* [EXERCISE GOAL]:
When you repeat the listing below, keep every word exactly and leave out each picture.

* [DATA BLOCK]:
====

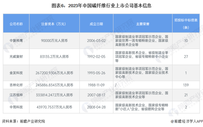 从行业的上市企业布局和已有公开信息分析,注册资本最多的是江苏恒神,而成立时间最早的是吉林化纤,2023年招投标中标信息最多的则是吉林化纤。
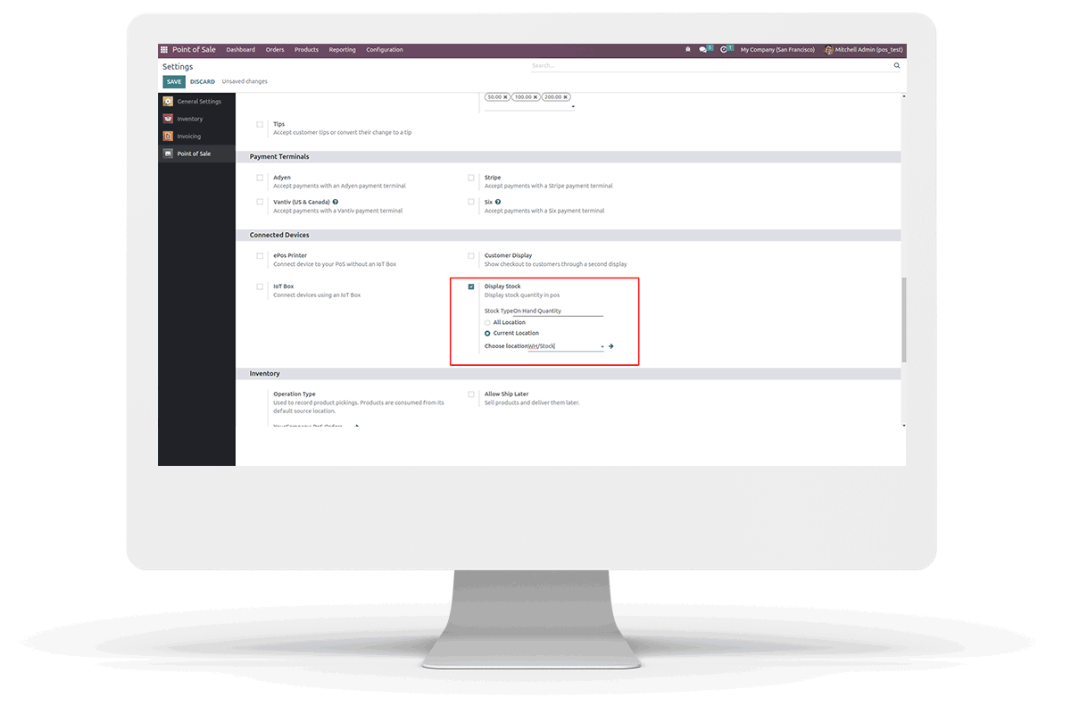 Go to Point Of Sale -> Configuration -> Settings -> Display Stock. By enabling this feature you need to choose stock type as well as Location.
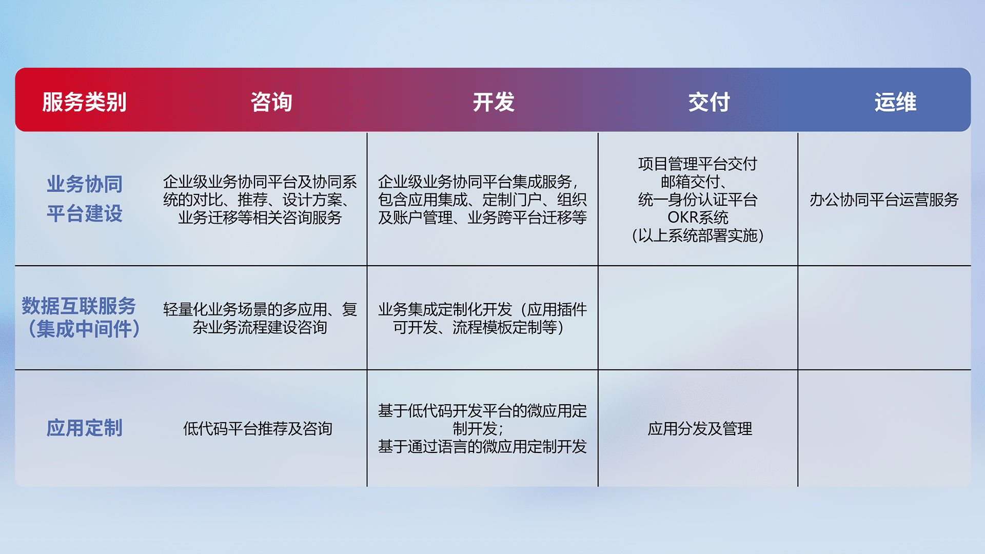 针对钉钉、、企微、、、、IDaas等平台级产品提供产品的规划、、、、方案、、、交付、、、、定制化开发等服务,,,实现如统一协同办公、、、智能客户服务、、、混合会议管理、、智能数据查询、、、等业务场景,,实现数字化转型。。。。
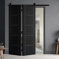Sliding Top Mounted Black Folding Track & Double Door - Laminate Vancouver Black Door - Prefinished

====

* [EXERCISE SOLUTION]:
 从行业的上市企业布局和已有公开信息分析,注册资本最多的是江苏恒神,而成立时间最早的是吉林化纤,2023年招投标中标信息最多的则是吉林化纤。
 Go to Point Of Sale -> Configuration -> Settings -> Display Stock. By enabling this feature you need to choose stock type as well as Location.
 针对钉钉、、企微、、、、IDaas等平台级产品提供产品的规划、、、、方案、、、交付、、、、定制化开发等服务,,,实现如统一协同办公、、、智能客户服务、、、混合会议管理、、智能数据查询、、、等业务场景,,实现数字化转型。。。。
Sliding Top Mounted Black Folding Track & Double Door - Laminate Vancouver Black Door - Prefinished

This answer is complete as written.